December 21, 2010

National database of IMEI number on cards

A national data base containing the unique identity of all mobile phones , known as the IMEI number – to block usage of handsets that are stolen or lost is set to become a reality, after leading telcos extended their support to this initiative.

Sector regulator Trai, which recently proposed this initiative, will now put in place the guidelines and mechanisms to create this database, and will also decide the mode of funding for this project.

This national initiative will enable mobile service providers to block all services to those handsets that are stolen, in an attempt to prevent their misuse.
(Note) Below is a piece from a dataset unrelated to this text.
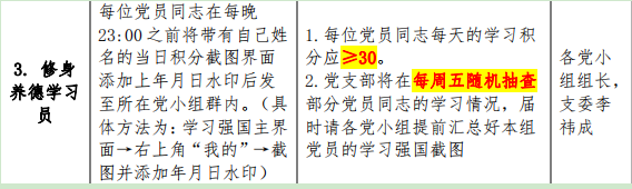 支部全体党员积极响应号召,每日在学习强国app完成30积分的学习,并在各自党小组的微信群内进行打卡,支部每周对各党小组的学习情况进行抽查。

Telcos say this will discourage theft, but add it will not a 100% foolproof solution as resellers of stolen handsets can ‘illegally avail technologies that will enable them to reprogram or clone IMEI numbers’. International Mobile Equipment Identity (IMEI) number is a unique 14-digit code used to identify valid devices.

“Blocking of IMEI is an effective solution to discourage mobile theft in the country as it will prevent the usage of stolen handset which is re-sold in the market to some extent. However, it alone cannot serve the purpose as the handsets can be easily reprogrammed and sold in the market,” the Cellular Operators Association of India , the body representing GSM operators, said in their response to Trai.

This industry body has suggested that this central registry be maintained either by the government, or the regulator or by done by an authorised third party, and it be linked to the GSMA database having the white/grey/black list of all the handsets available in the market to reduce the efforts, risk of error and cost of updating the database separately by each service provider.

This would also ensure that a global database of stolen devices is maintained. This also allows devices stolen in India to be blocked in other countries thereby maximising the value of blacklisting as it is generally recognised that stolen devices travel across national borders, the COAI added.

Ericsson , the world’s largest telecoms gear maker, which also runs the mobile networks of Bharti Airtel and other telcos, has asked the regulator to adopt laws similar to that of the UK and make re-programming of IMEI numbers a criminal offence. This position has been supported by several mobile phone operators.